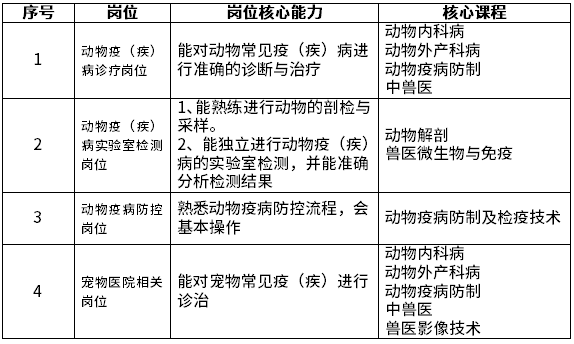 主要面向畜牧獸醫(yī)行業(yè)從事動物疾病診治防控、動物衛(wèi)生監(jiān)督等工作崗位,適應(yīng)社會主義市場經(jīng)濟(jì)建設(shè)需要,擁護(hù)黨的領(lǐng)導(dǎo),德、智、體、美、勞全面發(fā)展,具有較高綜合素質(zhì)和較強(qiáng)社會適應(yīng)能力,掌握動物疾病診斷、治療、動物疫病預(yù)防控制等知識和方法,具有突出的動物疾病治療和防控能力的高素質(zhì)技術(shù)技能型專門人才。
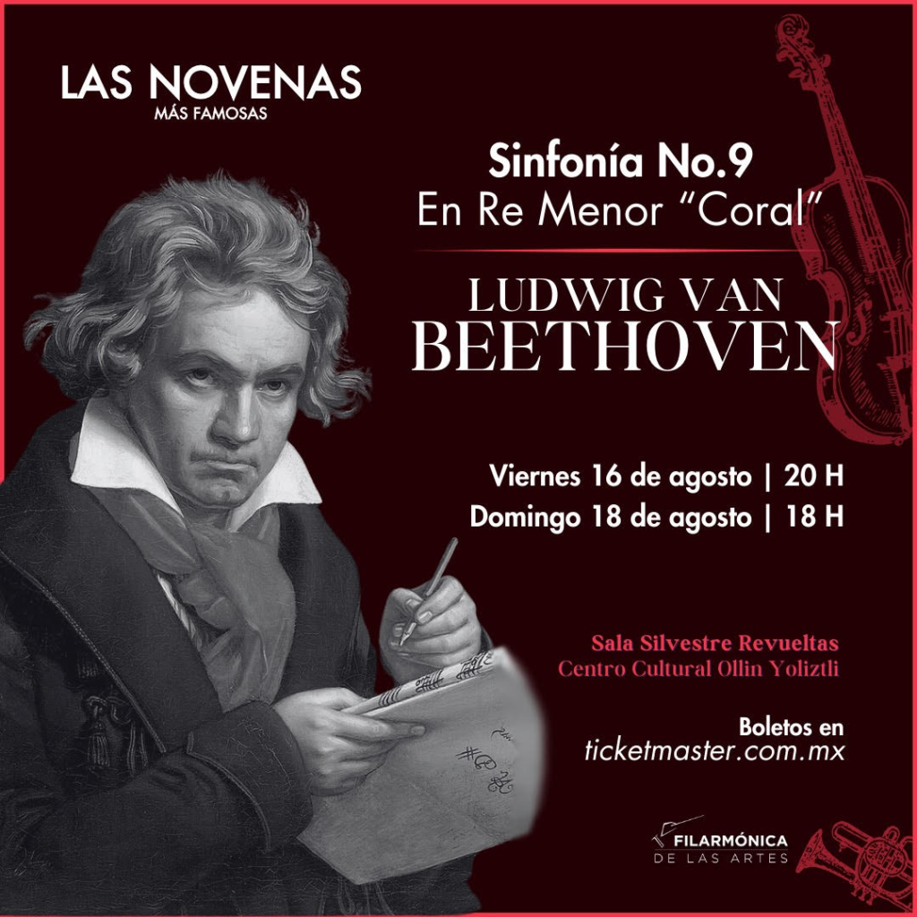 La Filarmónica de las Artes rinde homenaje al bicentenario de una de las obras más emblemáticas de la música clásica: la Novena Sinfonía de Ludwig van Beethoven. Acompañando esta celebración, se presentarán tres conciertos inolvidables que destacarán la majestuosidad de las Novenas Sinfonías de Beethoven, Gustav Mahler y Antonin Dvořák. Los conciertos se llevarán a cabo los días 15, 16, 17 y 18 de agosto en la Sala Silvestre Revueltas del Centro Cultural Ollin Yoliztli.
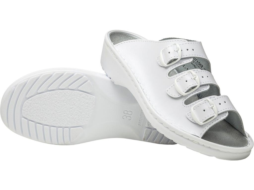 Žabky s protišmykovou podrážkou. - Kožený zvršok prišitý k podrážke vonkajším prešívaním - Tri popruhy na prispôsobenie - Protišmyková podošva s anatomickým ortopedickým profilom, vyrobená z expandovaného polyuretánu, s výškou podrážky 1,5-2 cm pod chodidlom a výškou podrážky 3,5-4 cm pod pätou - Úplný ortopedický profil - Kožená podšívka - Spĺňa požiadavky normy EN20347Dodatočné parametre

(Task instructions): Give the data again exactly as written, with no pictures included.

(Result below):
 主要面向畜牧獸醫(yī)行業(yè)從事動物疾病診治防控、動物衛(wèi)生監(jiān)督等工作崗位,適應(yīng)社會主義市場經(jīng)濟(jì)建設(shè)需要,擁護(hù)黨的領(lǐng)導(dǎo),德、智、體、美、勞全面發(fā)展,具有較高綜合素質(zhì)和較強(qiáng)社會適應(yīng)能力,掌握動物疾病診斷、治療、動物疫病預(yù)防控制等知識和方法,具有突出的動物疾病治療和防控能力的高素質(zhì)技術(shù)技能型專門人才。
 La Filarmónica de las Artes rinde homenaje al bicentenario de una de las obras más emblemáticas de la música clásica: la Novena Sinfonía de Ludwig van Beethoven. Acompañando esta celebración, se presentarán tres conciertos inolvidables que destacarán la majestuosidad de las Novenas Sinfonías de Beethoven, Gustav Mahler y Antonin Dvořák. Los conciertos se llevarán a cabo los días 15, 16, 17 y 18 de agosto en la Sala Silvestre Revueltas del Centro Cultural Ollin Yoliztli.
 Žabky s protišmykovou podrážkou. - Kožený zvršok prišitý k podrážke vonkajším prešívaním - Tri popruhy na prispôsobenie - Protišmyková podošva s anatomickým ortopedickým profilom, vyrobená z expandovaného polyuretánu, s výškou podrážky 1,5-2 cm pod chodidlom a výškou podrážky 3,5-4 cm pod pätou - Úplný ortopedický profil - Kožená podšívka - Spĺňa požiadavky normy EN20347Dodatočné parametre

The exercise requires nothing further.